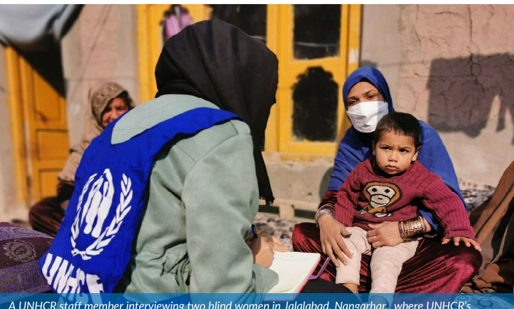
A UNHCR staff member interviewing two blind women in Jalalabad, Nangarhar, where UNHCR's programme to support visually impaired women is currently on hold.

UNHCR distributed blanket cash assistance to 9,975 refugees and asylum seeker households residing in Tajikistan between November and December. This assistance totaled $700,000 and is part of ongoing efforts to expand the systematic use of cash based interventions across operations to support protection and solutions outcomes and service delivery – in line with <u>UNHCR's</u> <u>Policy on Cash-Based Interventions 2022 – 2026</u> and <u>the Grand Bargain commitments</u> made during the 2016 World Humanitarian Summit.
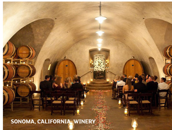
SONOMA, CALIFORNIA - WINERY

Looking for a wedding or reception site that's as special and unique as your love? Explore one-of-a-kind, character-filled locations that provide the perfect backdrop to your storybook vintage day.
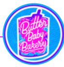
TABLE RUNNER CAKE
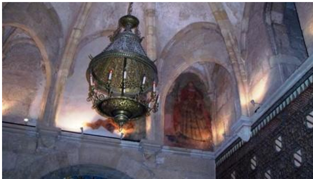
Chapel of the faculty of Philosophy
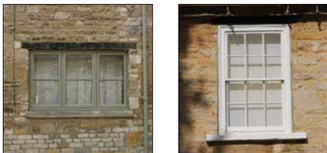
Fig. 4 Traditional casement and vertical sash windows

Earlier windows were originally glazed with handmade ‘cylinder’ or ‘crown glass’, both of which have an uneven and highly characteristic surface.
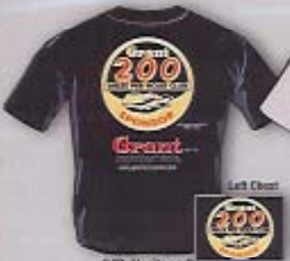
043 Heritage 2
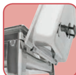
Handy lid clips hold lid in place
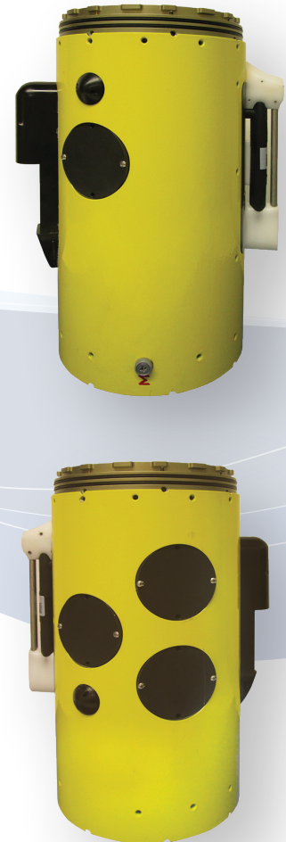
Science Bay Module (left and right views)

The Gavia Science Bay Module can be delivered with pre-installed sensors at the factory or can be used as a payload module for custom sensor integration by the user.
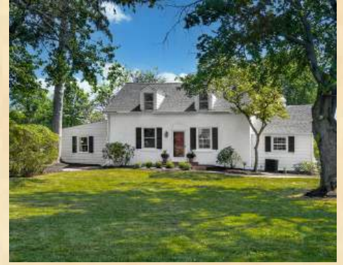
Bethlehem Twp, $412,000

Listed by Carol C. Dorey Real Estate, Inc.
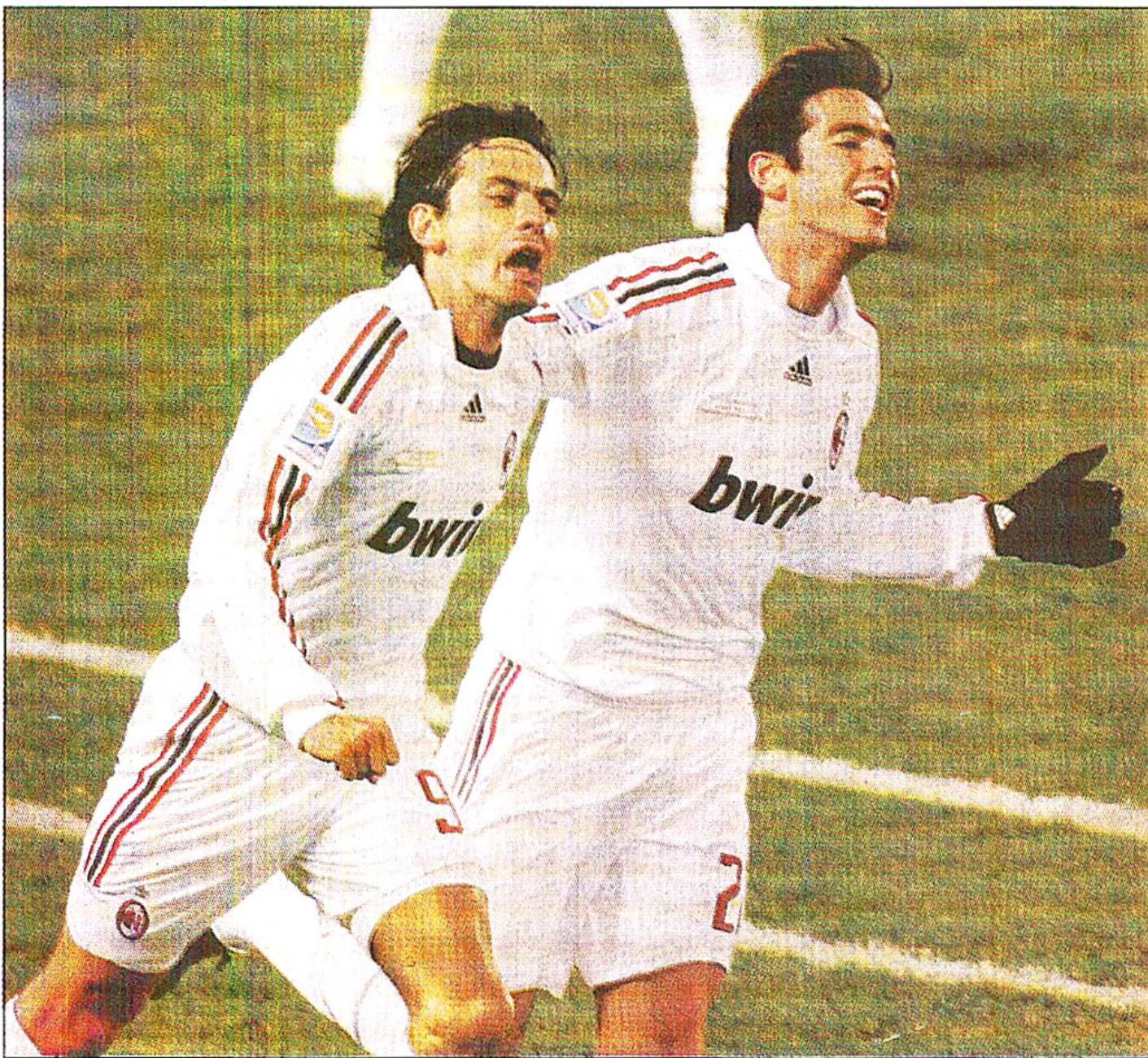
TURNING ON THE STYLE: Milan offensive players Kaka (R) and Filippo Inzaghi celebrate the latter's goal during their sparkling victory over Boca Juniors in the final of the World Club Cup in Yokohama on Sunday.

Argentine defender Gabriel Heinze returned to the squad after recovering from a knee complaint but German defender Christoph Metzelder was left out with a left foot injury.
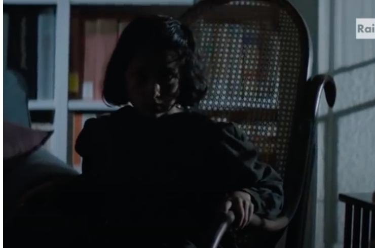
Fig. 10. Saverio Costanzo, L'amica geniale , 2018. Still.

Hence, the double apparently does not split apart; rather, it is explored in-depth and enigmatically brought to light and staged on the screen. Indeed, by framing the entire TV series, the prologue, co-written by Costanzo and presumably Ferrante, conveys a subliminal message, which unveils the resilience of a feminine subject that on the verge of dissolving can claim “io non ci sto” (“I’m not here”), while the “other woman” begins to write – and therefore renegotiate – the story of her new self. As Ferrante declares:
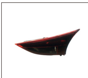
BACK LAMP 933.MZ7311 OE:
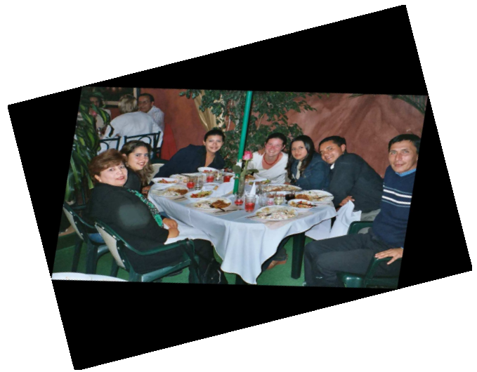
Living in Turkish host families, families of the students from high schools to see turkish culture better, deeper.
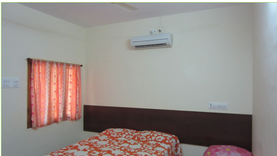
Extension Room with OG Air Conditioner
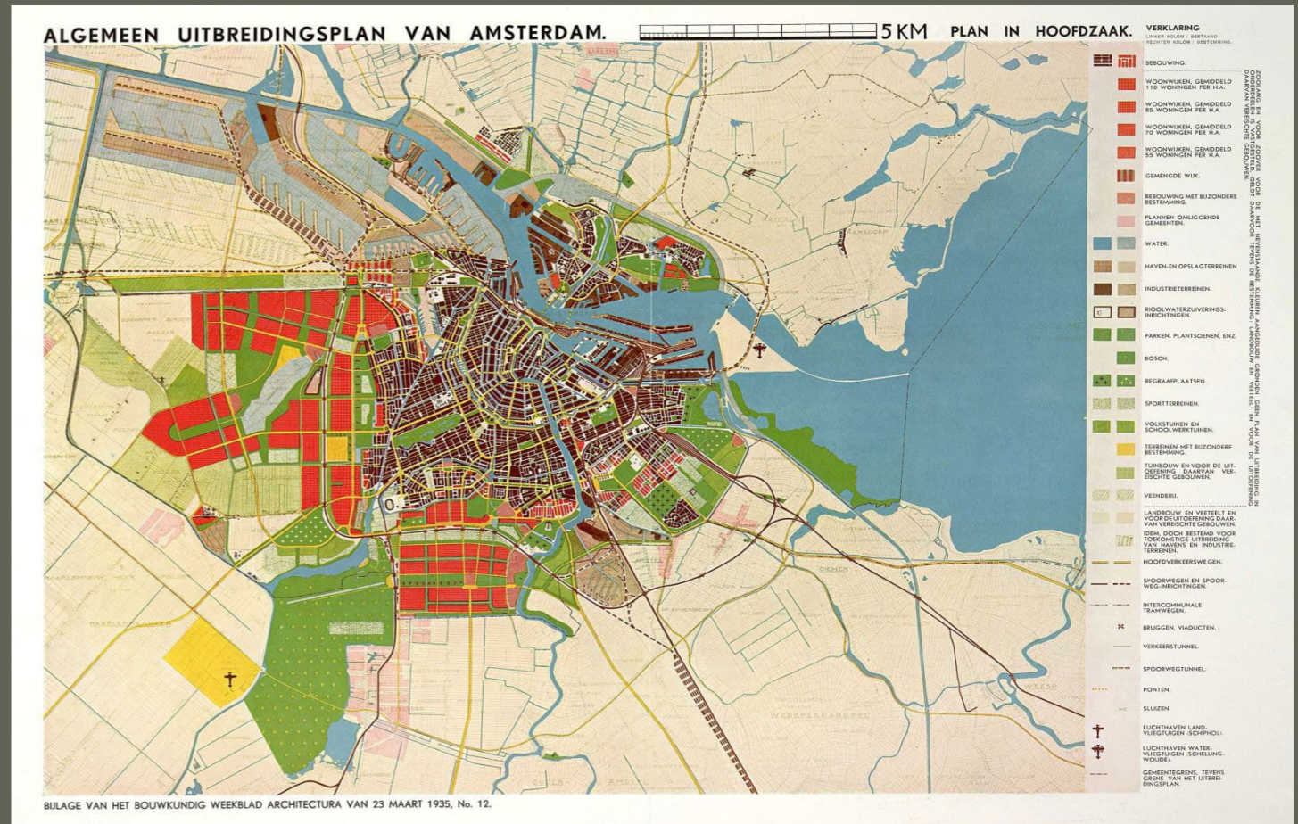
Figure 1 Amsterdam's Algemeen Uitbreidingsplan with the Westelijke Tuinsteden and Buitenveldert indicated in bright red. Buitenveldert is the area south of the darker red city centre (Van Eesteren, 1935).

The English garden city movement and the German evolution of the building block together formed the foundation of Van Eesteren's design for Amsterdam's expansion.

...

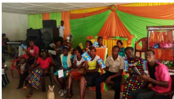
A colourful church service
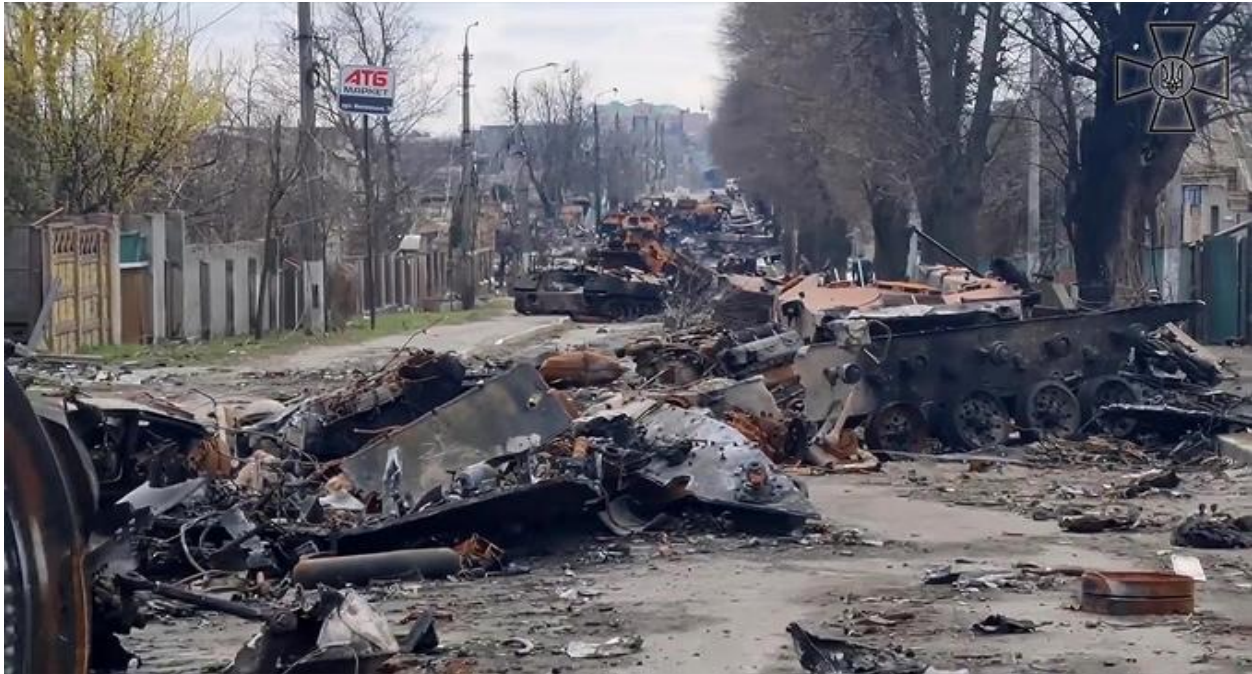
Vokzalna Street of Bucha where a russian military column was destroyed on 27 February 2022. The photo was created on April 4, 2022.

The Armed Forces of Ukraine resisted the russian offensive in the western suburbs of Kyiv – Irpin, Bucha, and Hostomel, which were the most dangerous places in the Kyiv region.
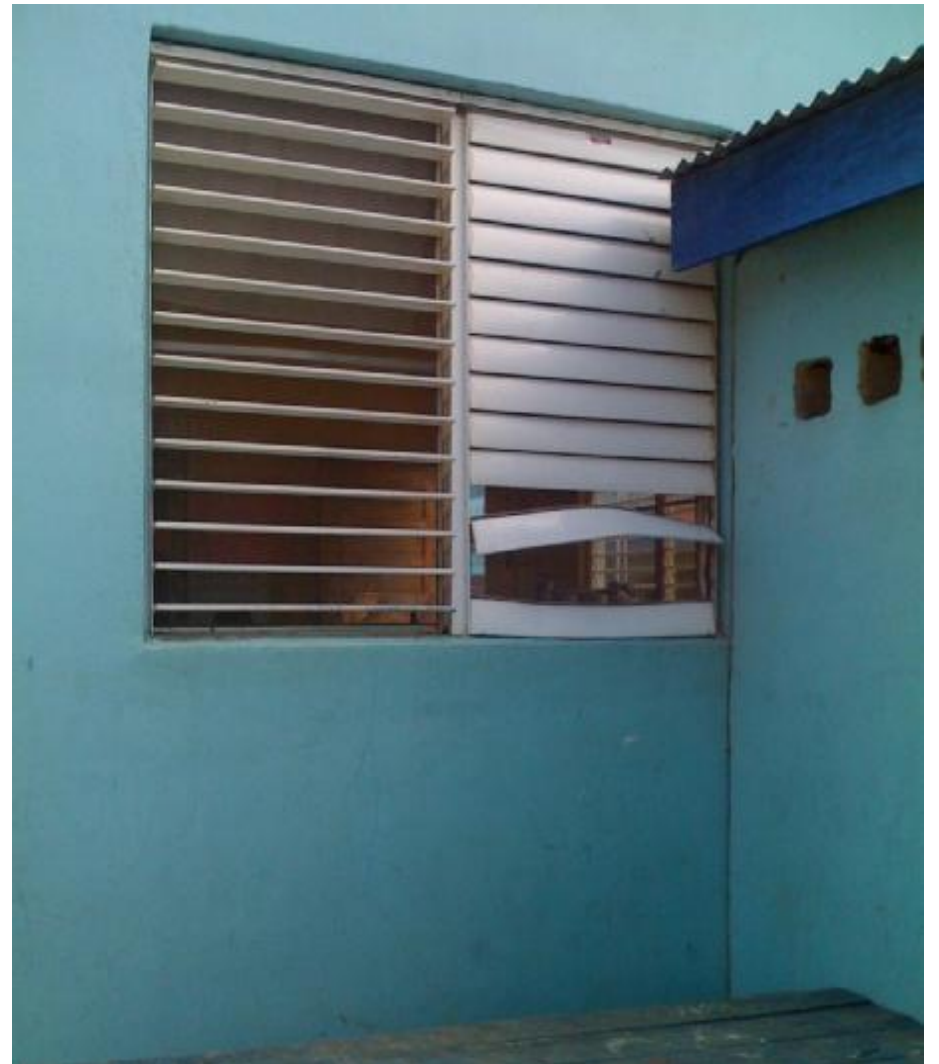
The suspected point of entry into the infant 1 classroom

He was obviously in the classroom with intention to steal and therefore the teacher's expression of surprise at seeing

TO DO. When the line with "Vokzalna Street of" is reached in the data above, begin copying, and stop after the line with "The Armed Forces"; copy each line exactly, both ends included.

ANSWER TO THE PROBLEM.
Vokzalna Street of Bucha where a russian military column was destroyed on 27 February 2022. The photo was created on April 4, 2022.

The Armed Forces of Ukraine resisted the russian offensive in the western suburbs of Kyiv – Irpin, Bucha, and Hostomel, which were the most dangerous places in the Kyiv region.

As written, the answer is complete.